SpookyDad, your haunt was simply amazing. I can't imagine the amount of work that it took to put all that together. Your props are wonderful! I recognized the butler turned pirate...his costume is perfect, as was yours and all the actors. 
Excellent job!


----------



## ScareFX (Aug 18, 2004)

Terrific pictures and video SpookyDad. Your haunt looked great. Thanks for sharing them.


----------



## Dr Morbius (Sep 21, 2004)

You are a SICK man! I love it!


----------



## Rocky (May 4, 2004)

Awesome!! I really like it.


----------



## HalloweenRick (Nov 25, 2005)

SpookyDad, that is flat out awesome! On that pirate cannon, what was that wrap you were using to cover the pipe? I have an idea that I would like to use a similar material on. And how did you time the fogger to go off with the air tank? 
Rick


----------



## SpookyDad (Jan 31, 2006)

The pirate cannon is covered with thin sheet PVC. It is just spray painted black.

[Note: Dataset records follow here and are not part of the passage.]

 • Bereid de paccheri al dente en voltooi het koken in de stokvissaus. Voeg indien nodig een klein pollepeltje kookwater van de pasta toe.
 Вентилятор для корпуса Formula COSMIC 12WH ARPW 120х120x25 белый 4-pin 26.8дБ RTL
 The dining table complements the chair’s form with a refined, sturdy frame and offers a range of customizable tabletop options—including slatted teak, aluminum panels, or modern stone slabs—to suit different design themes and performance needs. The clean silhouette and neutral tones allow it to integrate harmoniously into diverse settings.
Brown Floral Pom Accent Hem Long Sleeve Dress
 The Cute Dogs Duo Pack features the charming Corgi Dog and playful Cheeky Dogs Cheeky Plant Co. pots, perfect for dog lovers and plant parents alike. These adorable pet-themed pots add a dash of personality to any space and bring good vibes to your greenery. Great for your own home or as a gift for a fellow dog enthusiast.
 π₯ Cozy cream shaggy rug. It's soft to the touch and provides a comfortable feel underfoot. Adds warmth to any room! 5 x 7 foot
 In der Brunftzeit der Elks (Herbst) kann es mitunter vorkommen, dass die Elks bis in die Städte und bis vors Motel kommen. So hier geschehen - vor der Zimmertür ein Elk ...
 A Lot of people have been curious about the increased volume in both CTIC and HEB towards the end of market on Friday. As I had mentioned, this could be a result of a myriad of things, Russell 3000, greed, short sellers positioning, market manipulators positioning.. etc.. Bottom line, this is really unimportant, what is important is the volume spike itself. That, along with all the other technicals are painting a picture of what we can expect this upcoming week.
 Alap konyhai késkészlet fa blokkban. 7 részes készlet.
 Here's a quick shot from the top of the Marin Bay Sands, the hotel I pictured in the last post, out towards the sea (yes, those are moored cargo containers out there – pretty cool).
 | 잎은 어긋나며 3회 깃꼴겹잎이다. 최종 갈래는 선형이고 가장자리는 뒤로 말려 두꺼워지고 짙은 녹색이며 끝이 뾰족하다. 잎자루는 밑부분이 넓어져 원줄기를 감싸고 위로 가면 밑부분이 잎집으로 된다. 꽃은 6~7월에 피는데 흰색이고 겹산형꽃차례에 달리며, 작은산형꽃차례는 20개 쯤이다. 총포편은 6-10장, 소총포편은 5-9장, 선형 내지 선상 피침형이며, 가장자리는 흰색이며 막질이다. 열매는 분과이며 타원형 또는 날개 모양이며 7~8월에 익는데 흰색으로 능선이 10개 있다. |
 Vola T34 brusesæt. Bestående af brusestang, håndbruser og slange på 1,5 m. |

I had some material on hand. The fogger's pushbutton switch is hacked with a relay that is operated by a wall wart. The fogger wall wart and the air cannon vlave are plugged into the same powerbar. So flicking on the powerbar turns both on at the same time. Flicking off the powerbar shuts off the valve but the fogger goes on by itself for a couple of seconds. This creates a nice cloud of fog after the cannon fires. Purely accidental but sweet nonetheless.


----------



## Johnny Thunder (Feb 24, 2006)

Those pics are great. Fantastic set up!


----------



## Nightshade (Feb 26, 2005)

Awsome job Spooky Dad. I love the Pirate theme. How long does your set up take?


----------



## SpookyDad (Jan 31, 2006)

I usually get started around the first of october. I have been doing a lot of new building in the last couple of years so it is hard to say. About 3 weeks solid work is a guess. I am a stay at home dad so I can devote a lot of time to it.


----------